Inflation. Recettes pour amortir le choc
Ahmed Reda Chami, président du Conseil Economique, Social et Environnemental (CESE).

Le Maroc subit depuis 2021 les répercussions d’une montée inflationniste incessante qui a provoqué des pertes significatives en termes de pouvoir d’achat. Ce que recommande le CESE pour atténuer les effets.



« La part des personnes qui estiment que le coût de la vie a connu une forte augmentation est passée de 55% en 2021 à 97% pendant les premiers mois de 2022 », révèle le CESE sur la base d’une enquête de terrain qu’il a réalisé auprès de 1007 personnes. en effet, l’inflation moyenne durant le dernier trimestre 2021 s'est établie à 2,5%, avant d’atteindre 3,1%, 3,6% et 5,3% respectivement en janvier, février et mars 2022. Les perspectives de l’inflation pour 2022 laissent entrevoir une hausse plus accentuée, soit 4,7% en moyenne selon BAM, avant de revenir à 1,9% en 2023.

Le CESE explique qu’il s’agit d’une inflation essentiellement importée. N’empêche qu’il y a des effets amplificateurs au niveau interne d’autant plus que lors des trois derniers mois de 2022, les augmentations des prix ont été diffusées vers des produits non-échangeables. Parmi les facteurs internes, le CESE met l’accent sur la problématique du manque d’organisation des marchés des produits agricoles et la multiplicité des intermédiaires. Concernant le marché domestique des hydrocarbures, le conseil pense que l’accélération des travaux d’investigation au niveau du secteur est de mise, afin de statuer explicitement sur l’existence ou non de pratiques anticoncurrentielles de la part des opérateurs.
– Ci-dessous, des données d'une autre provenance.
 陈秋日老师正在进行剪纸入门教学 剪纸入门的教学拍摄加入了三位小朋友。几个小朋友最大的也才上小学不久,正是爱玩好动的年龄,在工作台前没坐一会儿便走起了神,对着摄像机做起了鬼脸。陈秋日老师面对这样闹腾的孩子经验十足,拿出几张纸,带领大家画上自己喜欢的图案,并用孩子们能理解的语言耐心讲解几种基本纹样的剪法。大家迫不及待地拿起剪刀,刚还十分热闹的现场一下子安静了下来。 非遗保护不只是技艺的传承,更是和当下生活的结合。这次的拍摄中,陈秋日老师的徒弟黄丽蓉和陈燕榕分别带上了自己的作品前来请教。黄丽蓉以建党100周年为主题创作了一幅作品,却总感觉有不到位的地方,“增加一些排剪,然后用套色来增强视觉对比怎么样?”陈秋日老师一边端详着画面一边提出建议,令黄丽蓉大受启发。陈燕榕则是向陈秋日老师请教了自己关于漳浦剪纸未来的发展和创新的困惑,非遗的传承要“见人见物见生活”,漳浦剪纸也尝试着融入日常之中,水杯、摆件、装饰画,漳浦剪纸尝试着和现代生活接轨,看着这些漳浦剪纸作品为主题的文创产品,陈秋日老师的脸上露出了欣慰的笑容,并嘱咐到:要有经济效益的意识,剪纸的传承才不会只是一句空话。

Le CESE reconnaît que les pouvoirs publics ont pris des mesures spécifiques de court terme, afin d’atténuer les effets des pressions inflationnistes. « Toutefois, et eu égard à la poursuite de la hausse des prix, la situation actuelle requiert d’engager des mesures directes à plus fort impact », ajoute le conseil qui propose une série de recommandations dans ce sens.

La recette du CESE

S’agissant des actions à caractère immédiat, le CESE préconise d’envisager la distribution d’aides ciblées aux catégories les plus vulnérables, le maintien des droits de douane sur certains produits de base importés à des niveaux bas, ainsi que le renforcement du contrôle du respect de la concurrence dans les différents secteurs, en particulier ceux relatifs aux biens de première nécessité et produits de base, avec des sanctions suffisamment dissuasives en cas d’infractions.
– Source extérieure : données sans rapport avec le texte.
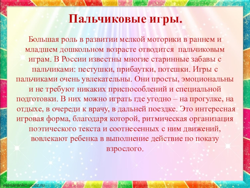 дошкольном возрасте отводится пальчиковым играм. В России известны многие старинные забавы с пальчиками: пестушки, прибаутки, потешки. Игры с пальчиками очень увлекательны. Они просты, эмоциональны и не требуют никаких приспособлений и специальной подготовки. В них можно играть где угодно – на прогулке, на отдыхе, в очереди к врачу, в дальней поездке. Это интересная игровая форма, благодаря которой, ритмическая организация поэтического текста и соотнесенных с ним движений, вовлекают ребенка в выполнение действие по показу взрослого.

A moyen terme, et dans l’objectif de contenir les futures phases de flambée des prix, le CESE propose d’accélérer la mise en place du registre social unifié (RSU) pour un ciblage optimal des aides aux plus défavorisés. «La mise en place de cet outil questionne la pertinence des critères de ciblage retenus et surtout le sort de la classe moyenne au cas où celle-ci serait exclue du ciblage, alors qu’elle subit de plein fouet le renchérissement des produits énergétiques et de base », insiste le CESE qui appelle par la même occasion à étudier la possibilité de création d’un fonds permanent de stabilisation face aux chocs majeurs qui servira, entre autres, à garantir le pouvoir d’achat des catégories vulnérables lors des périodes de renchérissement excessif des produits de première nécessité.
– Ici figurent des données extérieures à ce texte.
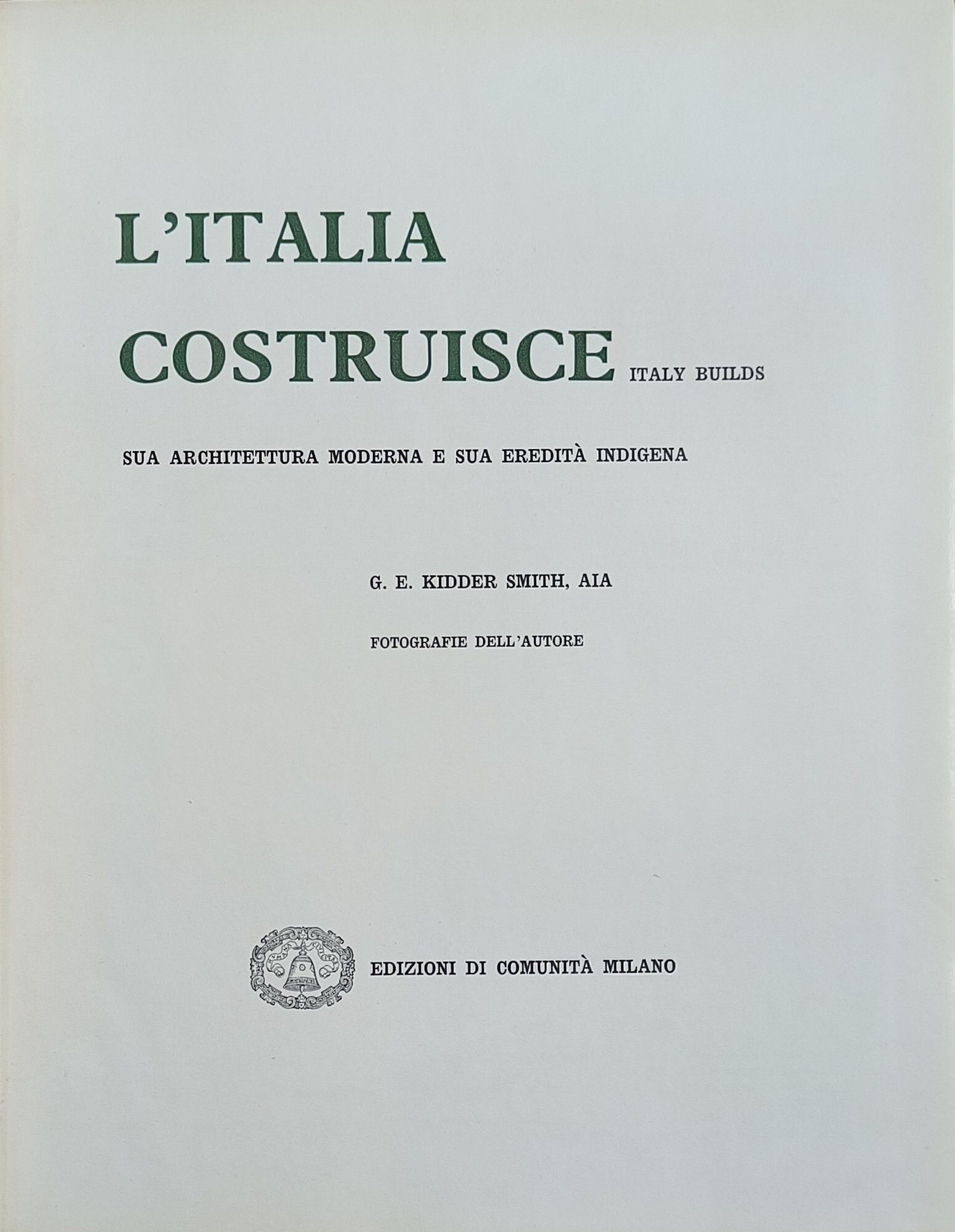 Kidder Smith, L'italia costruisce. Italy builds. Sua architettura moderna e sua eredità indigena, Milano, Edizioni comunità Milano, 1955

Autres recommandations phares : créer une instance de régulation du secteur des hydrocarbures afin de contrôler les comportements de marges excessifs nuisibles au pouvoir d’achat, investir davantage dans les capacités de stockage internes des produits énergétiques et envisager les modalités possibles d’une mobilisation des capacités de stockage de la SAMIR. Le CESE propose également de procéder à la réforme et à l’organisation des espaces de commercialisation des produits agricoles et d’étudier la faisabilité de création d’une compagnie nationale de transport maritime de marchandises avec la mise en place d’un observatoire des prix et des marges des produits de base et de première nécessité.